Июньские травы

Юлия Бутакова
               
               
                Эту тропу я знала давно. Дом, который мы строили уже год, находился неподалёку от городка, но нужно было каждый раз добираться по лесу, а это была уже настоящая тайга. Раньше близ жилых домов встречались рыси, дороги перебегали олени, лисы, нередко грибники встречали отпечатки медвежьих лап, но теперь, кроме весёлых белок, глухарей и коз, никто не рисковал подходить близко к жилью. Видимо, в лесу хватало своего пропитания, и люди и дикие животные могли жить в согласии друг с другом и природой. Семь километров я проходила быстро; в грибной год успевала набрать полные карманы крошечных, толстоногих, с веснушками на исподе шляпок, подберёзовиков, бархатных маслят, разноцветных сыроежек; в тёплые сентябрьские дни не забывала насобирать листьев и поздних цветов для школьного гербария – сыну в подмогу.
                В этот раз я не торопилась: в доме шли отделочные работы, а для этого была нанята лучшая в городе мастерица Маша, поэтому я могла не переживать за сроки и качество работы. На душе было легко от яркого, но не жаркого летнего солнца, мысли были настроены на лёгкий лад, и я уже загадывала, как в августе смогу поехать, наконец, к подруге на Кубань, увидеть долгожданное Азовское море, отдохнуть, как я не отдыхала уже давно. Рассеянное внимание не сразу взмахнуло мне красным флажком «стоп!», и я с разбегу наскочила на молодую женщину в сине-белом пёстром платье. Она открыто взглянула мне в лицо и села на поваленную осину:
-Устала. Перекурить, что ли?..
Она оказалась из людей того сорта, что, не вступая в разговор, способны затормозить тебя на бегу и заставить просто – вместе помолчать. Я кивнула ей и остановилась:
-Для грибов, вроде, рановато.
-Нет, не за грибами… Травы вот нужно нащипать, я зимой без неё – как без рук. – Она действительно достала из кармана тонкую сигарету и с удовольствием закурила. В свежем лесном воздухе аромат табака ощущался как древнее благородное благовоние. Я решила посидеть рядом - подруги мои жили далеко, с соседками было скучновато: всё разговоры о готовке да огороде, а тут – новый человек. Может, поболтаем ни о чём, всё развеемся чуть…
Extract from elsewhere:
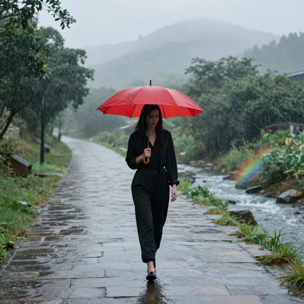 This image depicts a solitary woman in black holding a red umbrella, walking on a wet path with a subtle rainbow in a misty, natural setting. Cinematic and atmospheric.

                Она начала рассказывать, будто продолжая старый разговор:
-Совсем зелёная я была – только из медучилища вышла. Устроилась на работу, зарплату не платили совсем. Приходилось и за терапевта работать, и за невропатолога, и за онколога, и за хирурга… Раньше с участковыми фельдшерами не церемонились: без медсестры, одна на участке, и перепись на тебе, и процедуры, и перевязки. Приходилось от наркоманов отбиваться, от пьянчуг в белой горячке убегать и просто – дураков убеждать, что я не всесильна… Но работа мне моя нравилась. Девяностые, чёрные, жуткие, помните, конечно, что тогда творилось. Вспоминаешь сейчас, - будто на войне побывала. Совсем руки опустились – убежала я из больницы с голодухи. А тут прицепился ко мне сын соседский: объявился вдруг, неизвестно откуда, мать его из госпиталя привезла. Кричал он во сне – будто командовал невидимым батальоном. Сам обмолвился, что в Чечне воевал, ботинки офицерские носил. Дело тёмное. А сам – цветы, духи; где покормит, когда на четвёртый этаж по водостоку залезет – для тебя, мол, стараюсь. На десять лет старше меня был. Я к матери с намёком: семейный или разведённый, что о детях слышно. Молчит, улыбается, по плечу гладит и всё повторяет: «Не отталкивай его. Он без тебя пропадёт». Быстро мы сошлись – вдвоём всегда легче. Он на работу устроился, я в съёмной квартирке всё успевала делать; готовлю ему, как мама меня научила кормить мужчину – сама кусок не съешь, ему отдай, скромным хозяйством обросли, арендовали землю и картошкой засадили – всё-таки зимой легче. Всё было ничего, но стал «мой» попивать, работу бросил, по друзьям побежал, стали знакомые жаловаться, что деньги занимает, но не отдаёт, драки устаивает, стравливает друзей друг с другом, обо мне худо заговорил. А я чувствую – беременна. И больно, и жутко, и радостно.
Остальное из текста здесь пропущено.